Quand vous êtes devenu père, était-ce une évidence pour votre conjointe et vous que le congé parental serait séparé également?

Nous sommes deux féministes et nous pensons que nous devons partager les tâches également dans notre couple; cette idée s’appliquait naturellement aux soins de l’enfant. Mais quand nous sommes devenus parents pour la première fois, ma femme a trouvé difficile de me passer le flambeau après ses neuf mois de congé. Nous en avons rediscuté à ce moment-là, j’ai exprimé mon envie de vivre cette expérience. J’étais terrorisé, mais je voulais le faire, je voulais passer neuf mois seul avec mon fils.

Les pères représentés dans votre exposition sont issus de différents milieux socioéconomiques, mais ont en commun d’avoir tous pris au moins six mois de congé parental. Ont-ils été difficiles à trouver?

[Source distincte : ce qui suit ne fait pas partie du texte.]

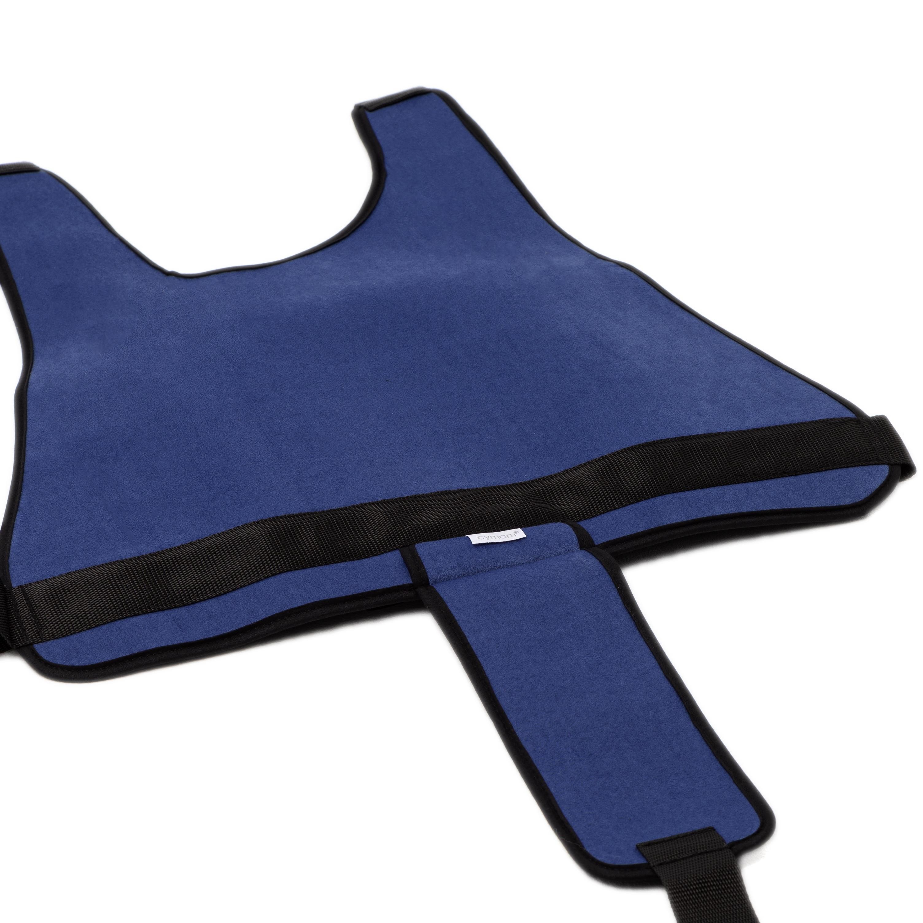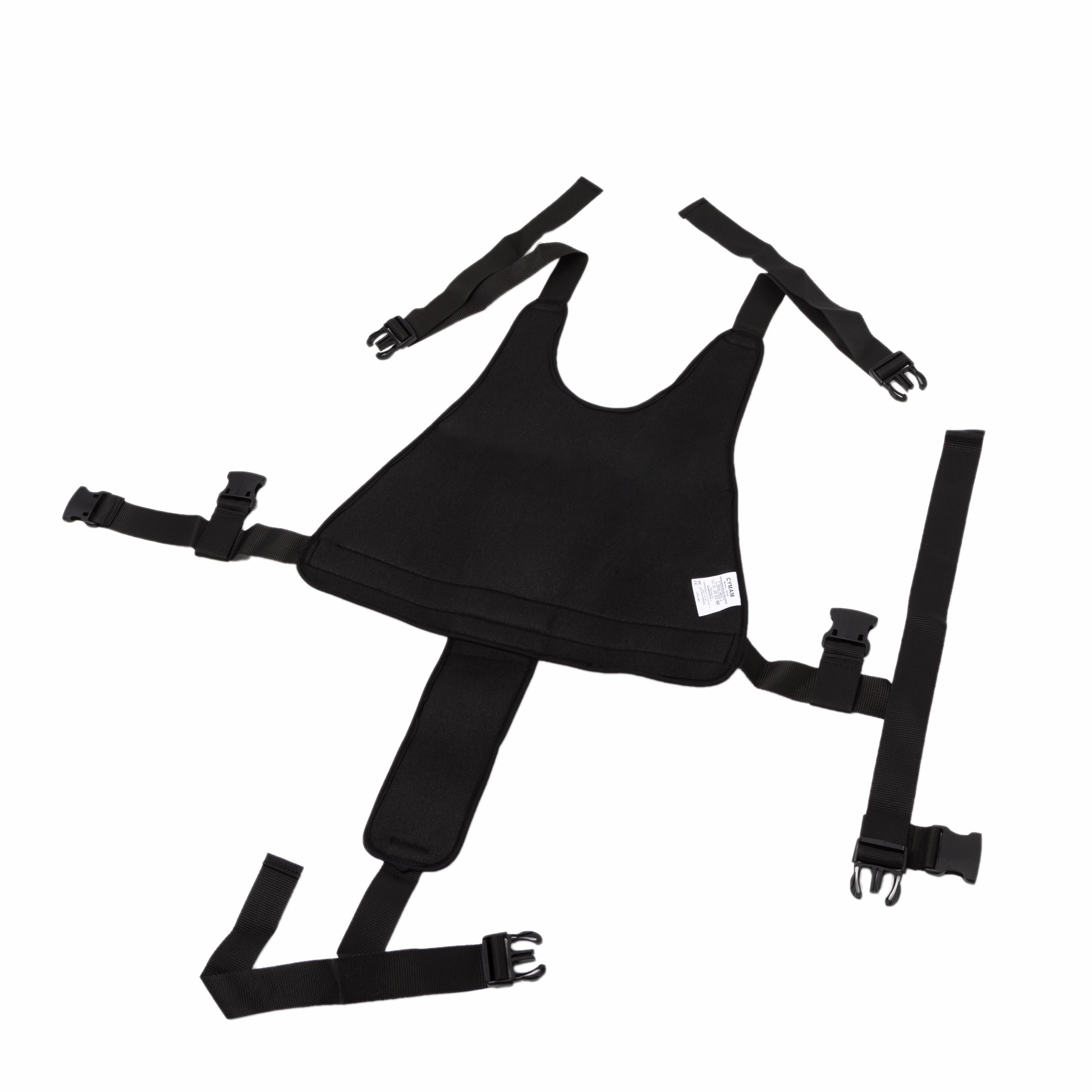 Soporte pélvico y torácico para mayor estabilidad postural. Prevención de deslizamientos, mejorando la seguridad del usuario. Cierre de tridente que permite un ajuste rápido y seguro. Materiales transpirables (nylon cordura y antelina) para mayor comodidad. Diseño de talla única y fácil ajuste, adaptable a diferentes usuarios. Uso en sillas de ruedas o asientos compatibles.
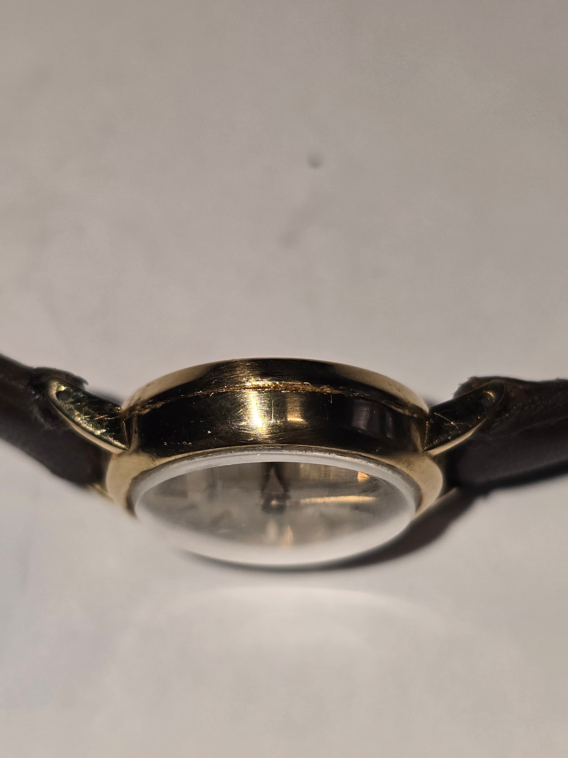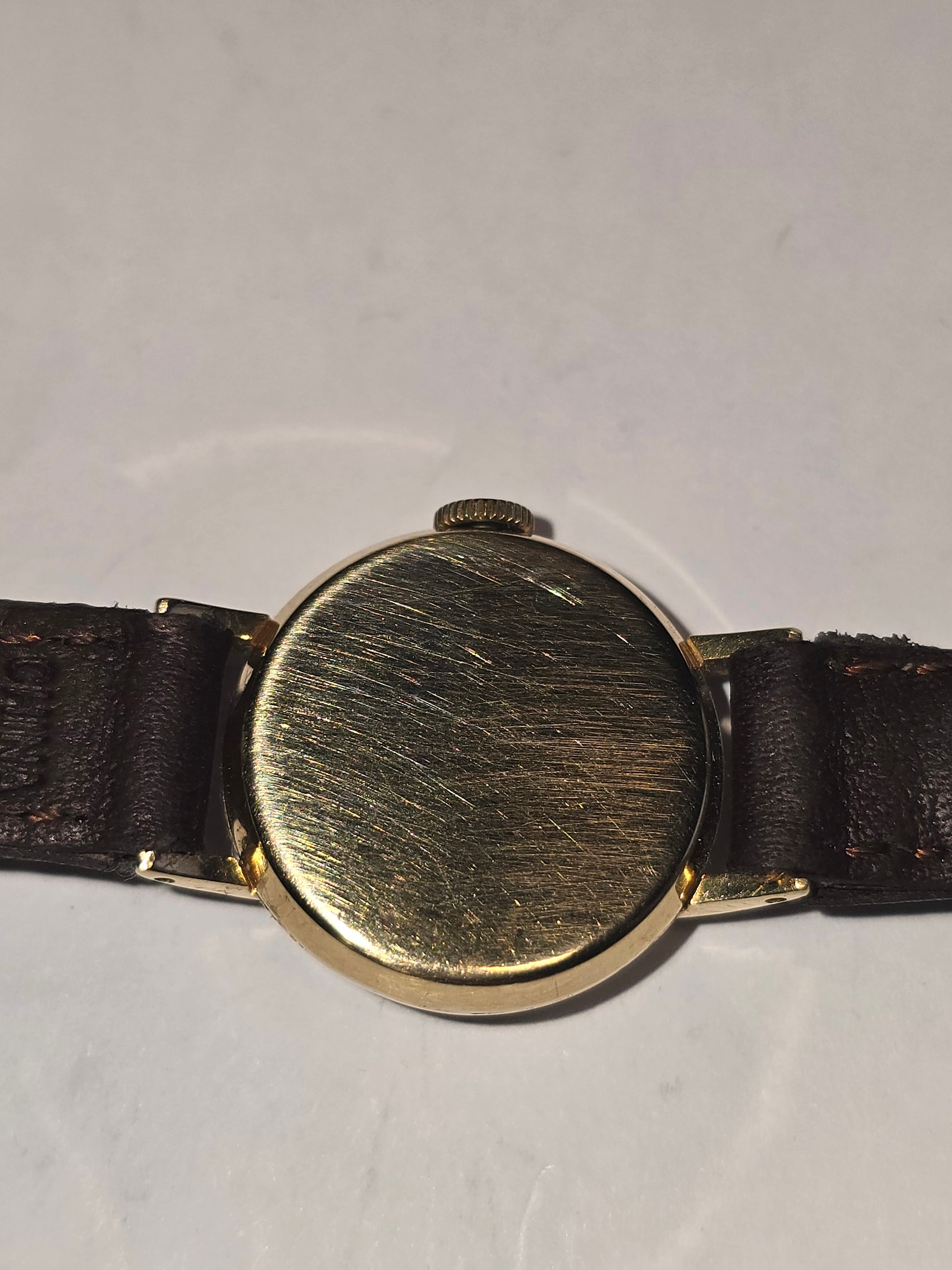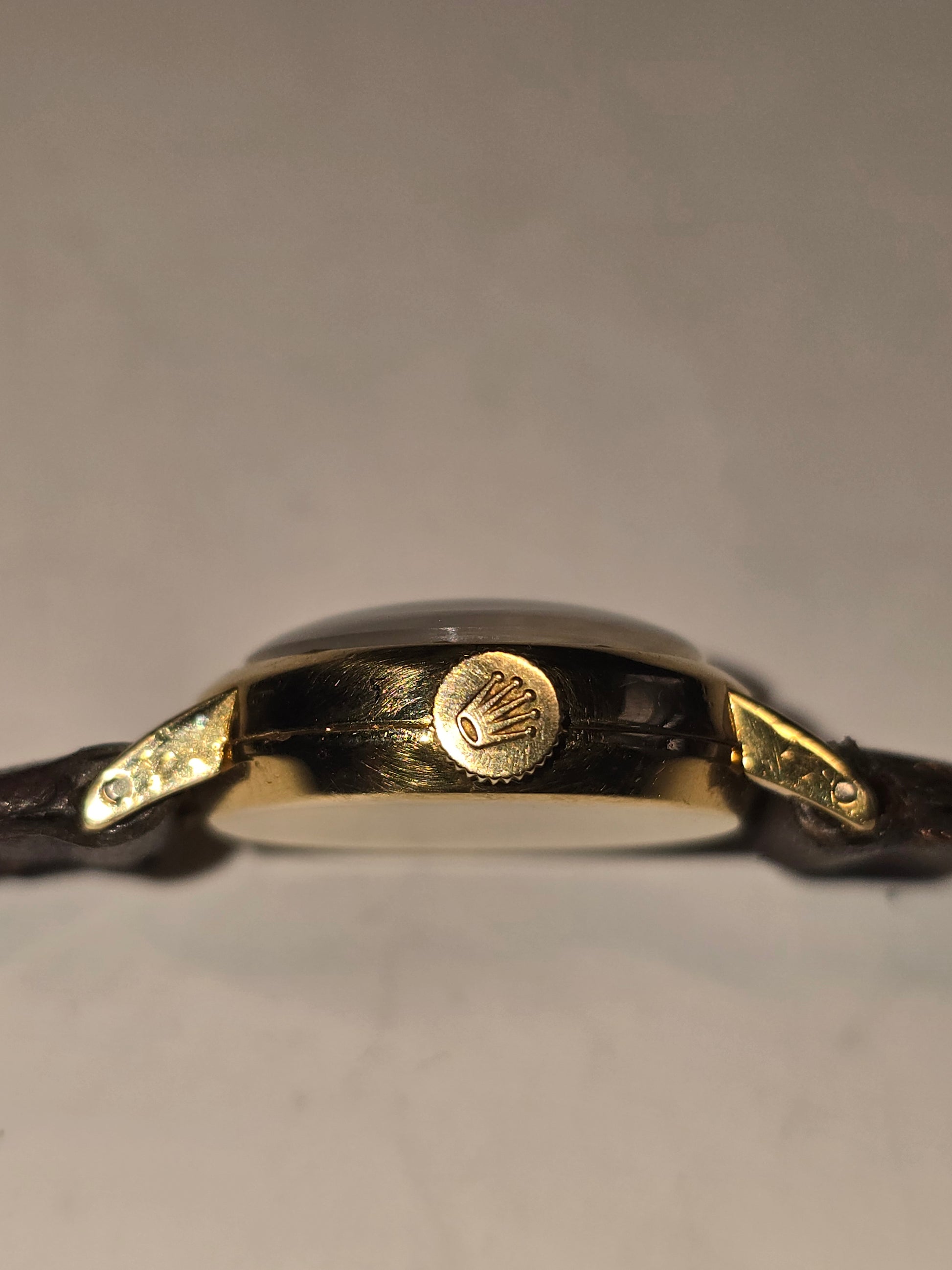 dress watch in 18k gold with champagne dial dark brown leather strap.

Dans mon cercle social – classe moyenne urbaine, éduquée –, c’est la norme de souhaiter passer du temps avec ses enfants; le contraire est vu comme une absurdité. Ce sont les pères qui vivent dans les banlieues [NDRL : des quartiers majoritairement habités par des immigrant·e·s], en campagne ou qui occupent des postes de hautes responsabilités qui bousculent les attentes sociales en décidant de rester à la maison la moitié d’une année. Oui, ils ont été plus difficiles à trouver, mais je tenais à raconter leurs histoires.

Vous dites avoir eu de la difficulté à trouver des modèles paternels auxquels vous identifier. La publicité, la télé nous offrent pourtant des exemples de paternité. Pourquoi n’étiez-vous pas capable de vous reconnaître en eux?

Johan Bävman.

Ces pères – et ces mères aussi, car je ne crois pas que ce soit différent pour les femmes – que la publicité nous montre ne sont pas des modèles que nous pouvons espérer atteindre. Ils sont toujours si heureux, bien mis, tout sourire, rigolant même en changeant des couches. Ajoutons à ça les photos parfaites, publiées sur Instagram, de familles qui resplendissent de bonheur en faisant des cupcakes à la maison. Sans le vouloir, on additionne toutes ces images, qui s’agrègent en une espèce de figure de superparent inaccessible. Pour moi, ça a été difficile et compliqué de devenir parent, parce que oui, c’est un dur travail. Et avec mes photos, je voulais montrer ça : la fatigue, le fait qu’on apprend la parentalité en la vivant et en faisant des erreurs.

Quels sont les avantages quand un père décide de rester plusieurs mois à la maison?

Il y a évidemment plein d’avantages pour le partage des tâches au sein du couple, la compréhension de ce que l’autre vit ou a vécu. Et ça a des répercussions pour le reste de votre vie : la conciliation travail-famille repose alors réellement sur les deux parents. Mais à mon avis, ce sont les enfants qui en bénéficient le plus : ils et elles développent une relation privilégiée avec chacun de leurs parents. Pouvez-vous imaginer ne pas vous sentir à l’aise de prendre soin de votre propre enfant? Ne pas savoir reconnaître ses besoins? C’est une idée qui me terrorise.

Quel est le cliché qui vous dérange le plus concernant la paternité?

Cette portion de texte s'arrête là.